From 1922 to 1925, Carnap worked on a book which became one of his major works, namely Der logische Aufbau der Welt (translated as The Logical Structure of the World, 1967), which was accepted in 1926 as his habilitation thesis at the University of Vienna and published as a book in 1928. That achievement has become a landmark in modern epistemology and can be read as a forceful statement of the philosophical thesis of logical positivism. Indeed, the Aufbau suggests that epistemology, based on modern symbolic logic, is concerned with the logical analysis of scientific propositions, while science itself, based on experience, is the only source of knowledge of the external world, i.e. the world outside the realm of human perception. According to Carnap, philosophical propositions are statements about the language of science; they are not true or false, but merely consist of definitions and conventions about the use of certain concepts. In contrast, scientific propositions are empirical statements that describe and explain aspects of external reality based on observation, evidence, and systematic investigation. They are meaningful because they are based on the perceptions of the senses. In other words, the truth or falsity of those propositions can be verified by testing their content with further observations.

In the Aufbau, Carnap wants to display the logical and conceptual structure with which all scientific (factual) statements can be organized. Carnap gives the label "constitution theory" to this epistemic-logical project. It is a constructive undertaking that systematizes scientific knowledge according to the notions of symbolic logic. Accordingly, the purpose of this constitutional system is to identify and discern different classes of scientific concepts and to specify the logical relations that link them. In the Aufbau, concepts are taken to denote objects, relations, properties, classes and states. Carnap argues that all concepts must be ranked over a hierarchy. In that hierarchy, all concepts are organized according to a fundamental arrangement where concepts can be reduced and converted to other basic ones. Carnap explains that a concept can be reduced to another when all sentences containing the first concept can be transformed into sentences containing the other. In other words, every scientific sentence should be translatable into another sentence such that the original terms have the same reference as the translated terms. Most significantly, Carnap argues that the basis of this system is psychological. Its content is the "immediately given", which is made of basic elements, namely perceptual experiences. These basic elements consist of conscious psychological states of a single human subject. In the end, Carnap argues that his constitutional project demonstrates the possibility of defining and uniting all scientific concepts in a single conceptual system on the basis of a few fundamental concepts.

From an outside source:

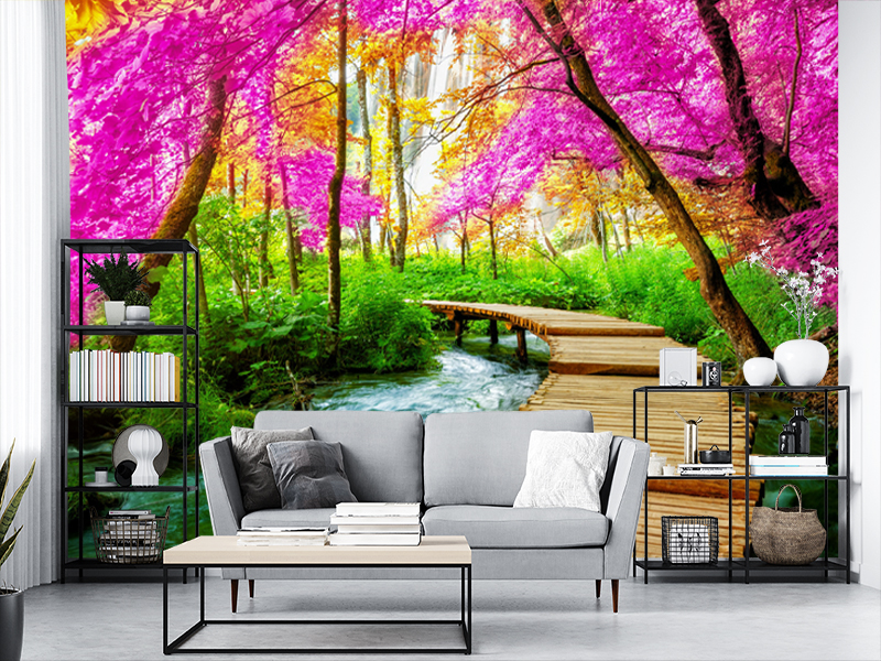 Romantična i živopisna fototapeta koja prostor pretvara u bajkovitu šumu ispunjenu cvetnim krošnjama, mirnim potokom i drvenim mostom koji vodi kroz prolećni pejzaž.

=== Overcoming metaphysics ===

Carnap in 1929

From 1928 to 1934, Carnap published papers (Scheinprobleme in der Philosophie, 1928; translated as Pseudoproblems in Philosophy, 1967) in which he appears overtly skeptical of the aims and methods of metaphysics, i.e. the philosophical tradition that seeks to describe the underlying or ultimate nature of reality. Indeed, he opines that, in many cases, metaphysics is made of meaningless discussions of pseudo-problems. For Carnap, a pseudo-problem is a philosophical question that, on the surface, handles concepts that refer to our world while, in fact, these concepts do not actually denote real and attested objects. In other words, these pseudo-problems concern statements that do not, in any way, have empirical implications. They do not refer to states of affairs and the things they denote cannot be perceived. Consequently, one of Carnap's main aims has been to redefine the purpose and method of philosophy. According to him, philosophy should not aim at producing any knowledge transcending the knowledge of science. In contrast, by analyzing the language and propositions of science, philosophers should define the logical foundations of scientific knowledge. Using symbolic logic, they should explicate the concepts, methods, and justificatory processes that exist in science.

Carnap believed that the difficulty with traditional philosophy lay in the use of concepts that are not useful for science. For Carnap, the scientific legitimacy of these concepts was doubtful because the sentences containing them do not express facts. Indeed, a logical analysis of those sentences proves that they do not convey the meaning of states of affairs. In other words, these sentences are meaningless (for logical positivists). Carnap explains that to be meaningful, a sentence should be factual. It can be so, for one thing, by being based on experience, i.e., by being formulated with words relating to direct observations. For another, a sentence is factual if one can clearly state what the observations are that could confirm or disconfirm that sentence. After all, Carnap presupposes a specific criterion of meaning, namely the Wittgensteinian principle of verifiability. Indeed, he requires, as a precondition of meaningfulness, that all sentences be verifiable, which implies that a sentence is meaningful only if there is a way to verify if it is true or false. To verify a sentence, one needs to expound the empirical conditions and circumstances that would establish the truth of the sentence. As a result, it is clear for Carnap that metaphysical sentences are meaningless. They include concepts like "god", "soul", and "the absolute" that transcend experience and cannot be traced back or connected to direct observations. Because those sentences cannot be verified in any way, Carnap suggests that science, as well as philosophy, should neither consider nor contain them.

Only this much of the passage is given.